For a given input \(x_i \in R^{p+1}\), we can build a linear model with coefficients \(\beta \in R^{p+1} \).

\(a_i = x_i^T \beta = \beta^Tx_i \tag {13}\)

\(y_i = \sigma(a_i) = \sigma ( \beta^Tx_i) \tag{14} \)

\(x_i^T \beta \) is a scalar, thus \(x_i^T \beta =\beta^Tx_i \) . Note that we make assumptions of the linear format in Equation 13 as we did in linear regression.
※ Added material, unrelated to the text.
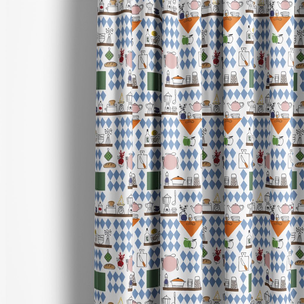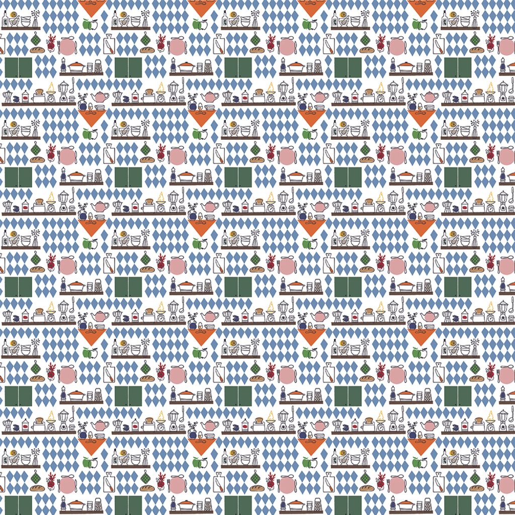Mönstret har en blandning av klassiska köksredskap, burkar, skålar och andra matlagningsdetaljer, arrangerade på hyllor mot en bakgrund av ljusblå diamantformer.

This is not to say the linear combination is the only representation.

Now let’s consider the loss function for Equation 14.
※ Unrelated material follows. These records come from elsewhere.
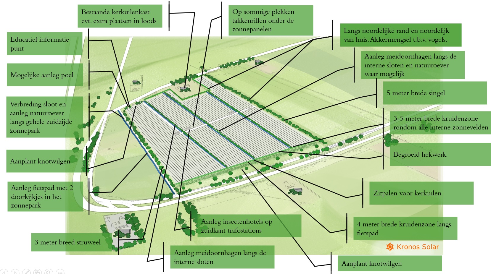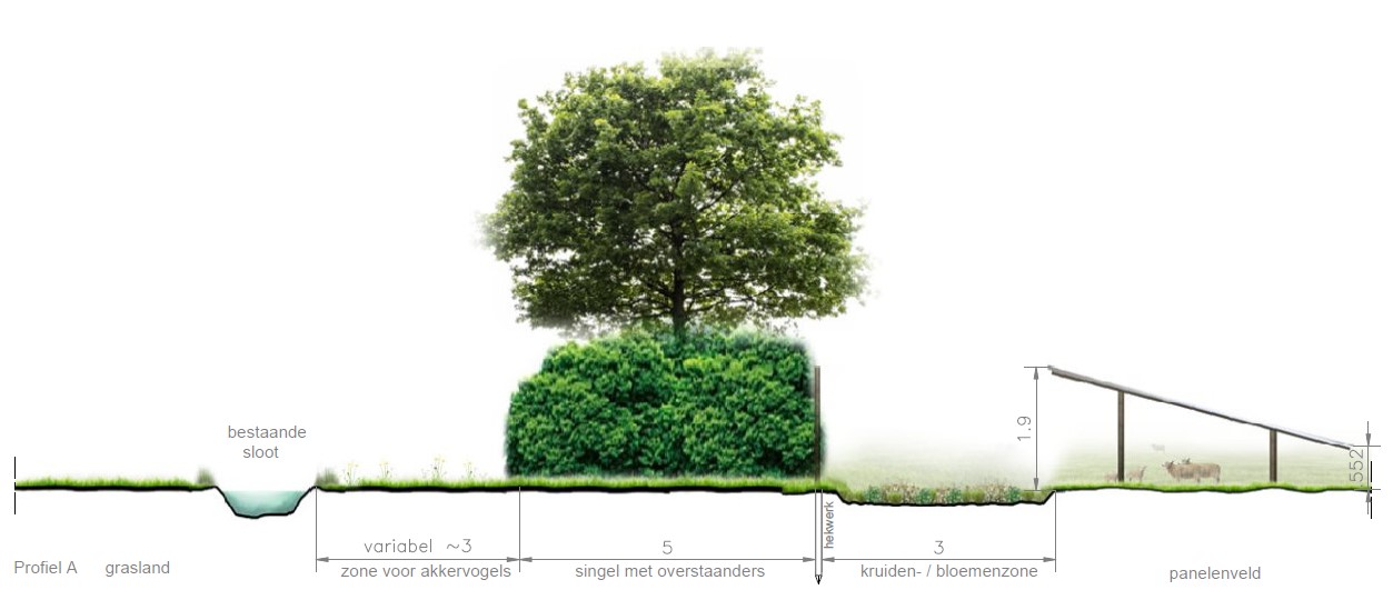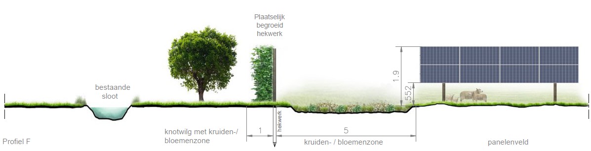 - Aan de noordzijde van het zonnepark, ten noorden van de singel, zal een strook worden ingezaaide met een akkermengsel t.b.v. bijvoorbeeld de patrijs. Het type mengsel wordt in samenspraak met gemeente en eventueel Cruydthoeck gekozen;
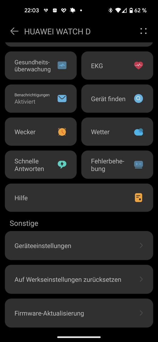 Probablemente no había sitio para un altavoz en la carcasa - una pena. Comparado con el modelo superior, el Watch GT 3 Pro las demás funciones son un poco limitadas, por ejemplo, no hay navegación de retorno. Huawei también omite por completo su propia tienda de aplicaciones en el Watch D.
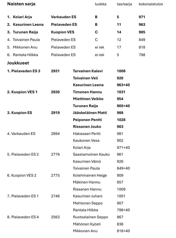 Katso lisätietoa ja kisatunnelmia täältä: https://kuopionpiiri.elakkeensaajat.fi/toiminta/kilpailut/kilpailukuvat-ja-tulokset/2025/
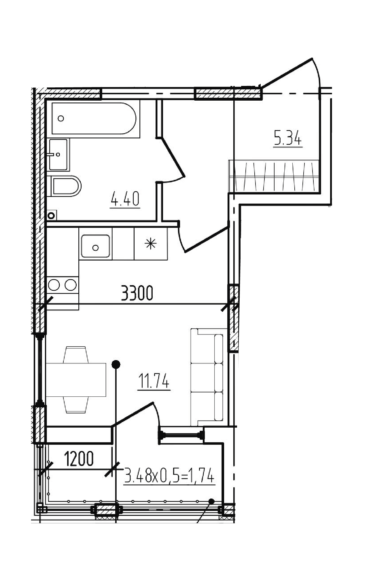 Квартира этаж 1, площадь 23.22 м2

**Loss function for classification**

**Can we use squared error? **

Let’s start with the same error function as in linear regression:

\(L(\beta) = \sum_i^N(y_i – \hat y_i)^2 = \sum_i^N(y_i – \sigma( \beta^Tx_i))^2 \tag{15} \)

We could try to find \(\hat \beta\) to minimize \(L\) by setting its first derivative in Equation 16 as 0. The second derivative needs to be non-negative so that \(L\) is convex and the solution in the first derivative is global minimum.

\(L'(\beta) = \frac {\partial L}{\partial \beta} \\ = -2 \sum_i^N x_i \sigma( \beta^Tx_i) (1-\sigma( \beta^Tx_i)) (y_i – \sigma(\beta^Tx_i)) \tag{16} \)

\(L” (\beta) = \frac {\partial L’}{\partial \beta} = -2 \sum_i^N h_i \tag{17.1} \)

where \(h_i = [x_i^2\sigma( \beta^Tx_i)(1-\sigma( \beta^Tx_i))] [(y_i – 2(1+y_i)\sigma( \beta^Tx_i) + 3\sigma(\beta^Tx_i)^2)] \tag{17.2}\)

Now, we need to check if \(L” >=0\) (i.e. the loss function \(L\) is convex).

\(x_i, y_i\) can be viewed as constant. In Equation 17.2, the first element in the bracket the bracket \(x_i^2\sigma( \beta^Tx_i)(1-\sigma( \beta^Tx_i)) \) is always >=0, but the second element with \(y_i\) is not guaranteed to be non-negative. Therefore, mean squared error for logistic regression is not convex. This means that the solution for the first derivative as 0 is not guaranteed to be global minimum.

**Can we use misclassification error?**

I have shown that misclassification error can be used to find the optimal boundary in the linear regression approach. However, misclassification error is not differentiable, and we cannot use gradient-based approaches to find optimum.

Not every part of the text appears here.